→ Task description:
Transcribe the data below verbatim from the line with "אירופאי אמריקאי ו-אמריקאי" to the line with "2. 絢麗海棠:絢麗海棠是一". Include both of those lines.

→ Record set:
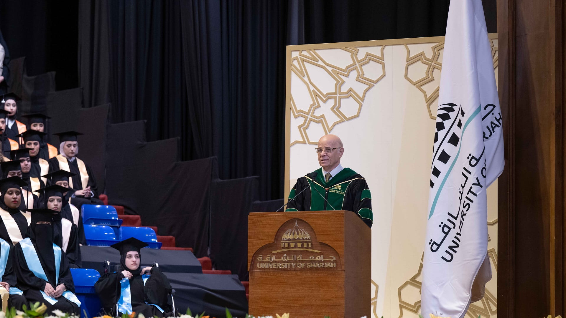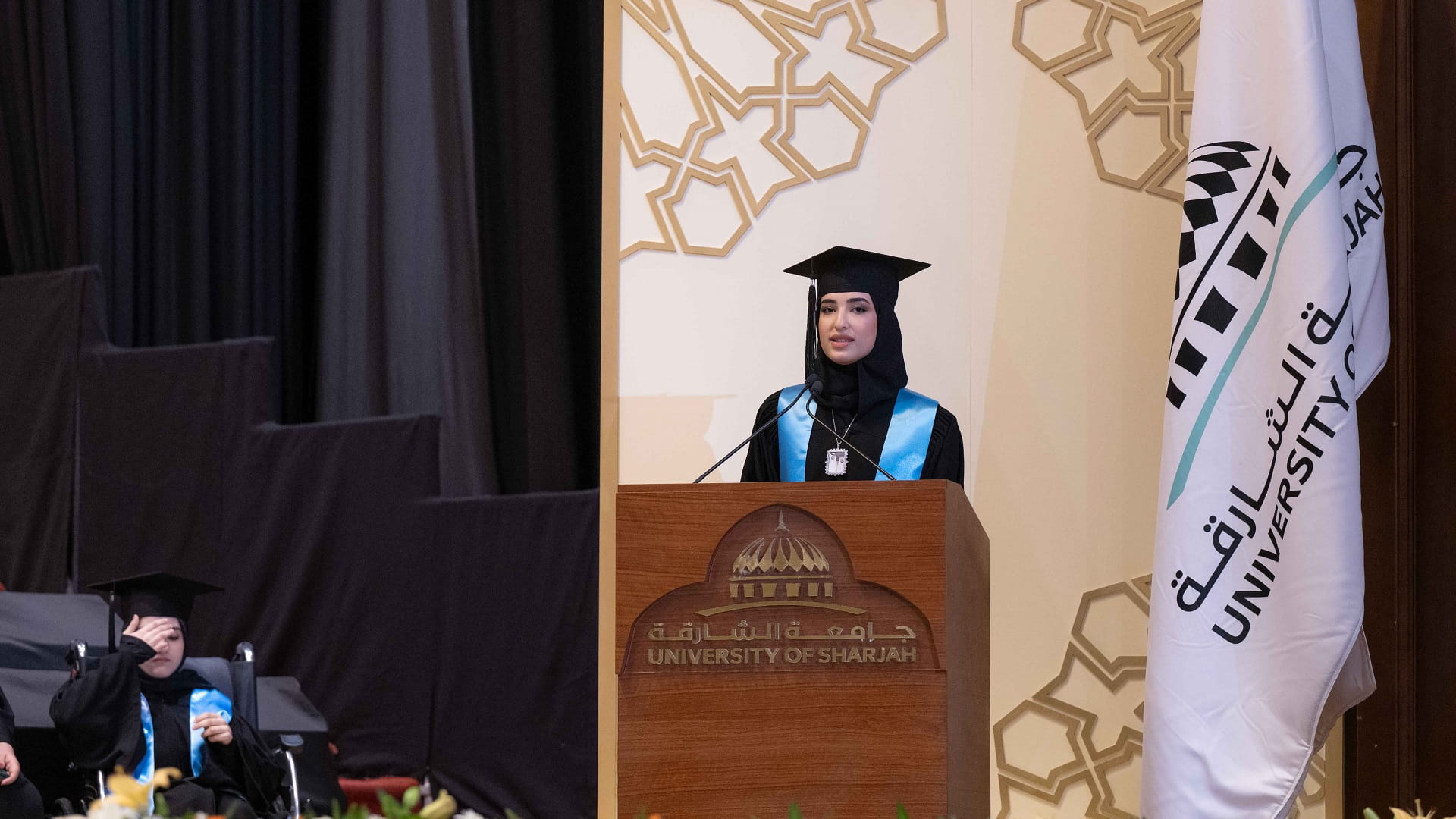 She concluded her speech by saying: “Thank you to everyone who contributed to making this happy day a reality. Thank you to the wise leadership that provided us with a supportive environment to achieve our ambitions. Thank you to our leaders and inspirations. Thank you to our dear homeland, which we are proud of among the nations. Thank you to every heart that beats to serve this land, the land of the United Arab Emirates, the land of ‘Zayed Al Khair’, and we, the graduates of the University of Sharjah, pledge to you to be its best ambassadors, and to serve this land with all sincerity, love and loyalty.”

--

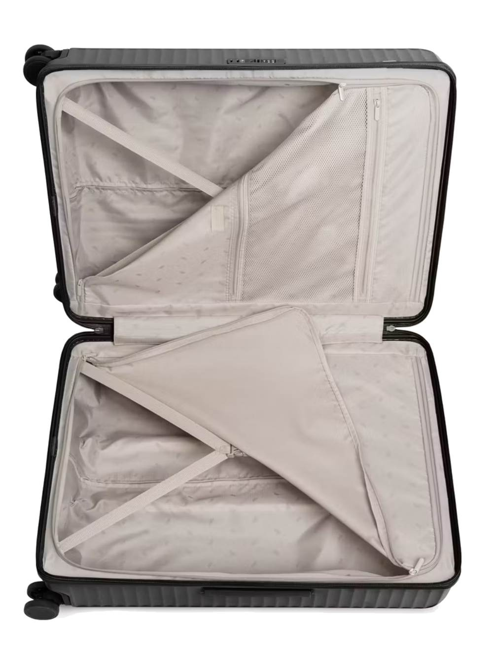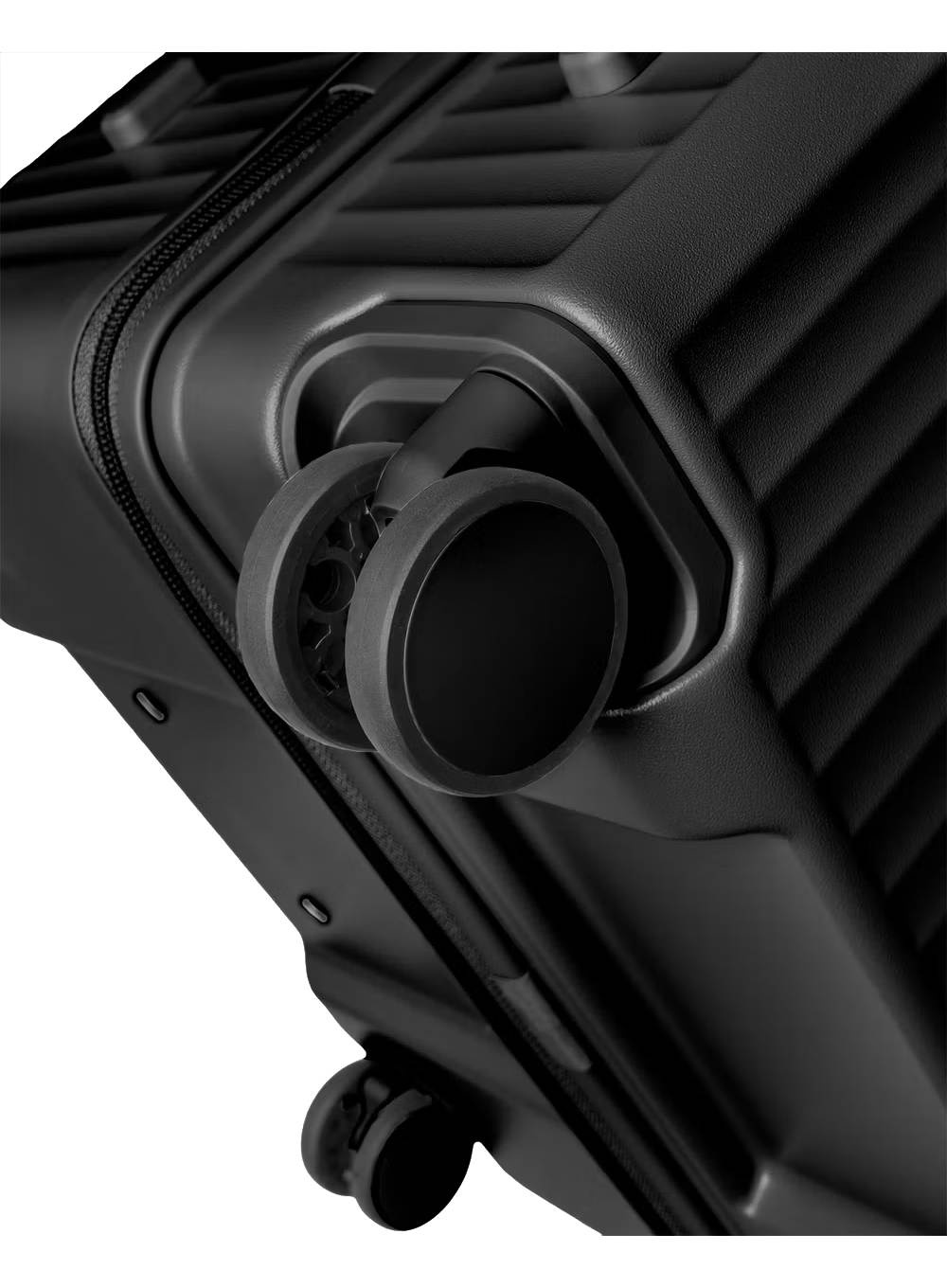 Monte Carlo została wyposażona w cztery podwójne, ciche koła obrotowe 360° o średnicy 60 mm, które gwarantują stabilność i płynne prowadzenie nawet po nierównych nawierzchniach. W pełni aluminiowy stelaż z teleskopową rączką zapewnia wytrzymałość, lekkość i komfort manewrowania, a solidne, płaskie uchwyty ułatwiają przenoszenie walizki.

--

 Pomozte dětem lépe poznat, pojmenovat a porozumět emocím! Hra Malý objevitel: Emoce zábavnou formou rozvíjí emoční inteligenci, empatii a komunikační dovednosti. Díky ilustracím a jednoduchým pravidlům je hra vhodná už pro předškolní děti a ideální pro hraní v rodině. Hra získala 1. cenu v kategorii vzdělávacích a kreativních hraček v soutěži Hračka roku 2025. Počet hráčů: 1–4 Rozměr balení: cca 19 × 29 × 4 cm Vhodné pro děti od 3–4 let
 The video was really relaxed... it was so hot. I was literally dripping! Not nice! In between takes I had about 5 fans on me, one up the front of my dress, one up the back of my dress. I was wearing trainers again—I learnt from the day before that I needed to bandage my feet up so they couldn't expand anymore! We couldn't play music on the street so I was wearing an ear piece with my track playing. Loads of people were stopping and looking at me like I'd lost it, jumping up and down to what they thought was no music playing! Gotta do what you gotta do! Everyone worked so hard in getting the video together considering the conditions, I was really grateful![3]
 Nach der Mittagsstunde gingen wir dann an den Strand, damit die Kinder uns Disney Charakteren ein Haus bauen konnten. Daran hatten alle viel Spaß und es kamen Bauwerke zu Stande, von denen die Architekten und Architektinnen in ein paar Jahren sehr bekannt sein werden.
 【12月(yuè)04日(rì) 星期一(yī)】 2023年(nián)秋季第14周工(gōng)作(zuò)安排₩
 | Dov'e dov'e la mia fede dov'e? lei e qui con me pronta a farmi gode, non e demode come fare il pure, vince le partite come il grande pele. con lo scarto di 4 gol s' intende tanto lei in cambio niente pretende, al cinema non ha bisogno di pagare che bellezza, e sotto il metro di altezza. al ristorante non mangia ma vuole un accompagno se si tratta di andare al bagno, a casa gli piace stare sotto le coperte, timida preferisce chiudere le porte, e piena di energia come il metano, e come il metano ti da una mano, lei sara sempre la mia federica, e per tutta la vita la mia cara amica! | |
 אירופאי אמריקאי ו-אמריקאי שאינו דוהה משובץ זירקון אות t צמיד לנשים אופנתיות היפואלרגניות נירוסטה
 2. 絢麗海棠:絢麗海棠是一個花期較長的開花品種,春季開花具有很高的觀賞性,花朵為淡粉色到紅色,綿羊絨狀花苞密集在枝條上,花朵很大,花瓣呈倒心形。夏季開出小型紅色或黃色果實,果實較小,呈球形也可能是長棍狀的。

→ The completed task:
 אירופאי אמריקאי ו-אמריקאי שאינו דוהה משובץ זירקון אות t צמיד לנשים אופנתיות היפואלרגניות נירוסטה
 2. 絢麗海棠:絢麗海棠是一個花期較長的開花品種,春季開花具有很高的觀賞性,花朵為淡粉色到紅色,綿羊絨狀花苞密集在枝條上,花朵很大,花瓣呈倒心形。夏季開出小型紅色或黃色果實,果實較小,呈球形也可能是長棍狀的。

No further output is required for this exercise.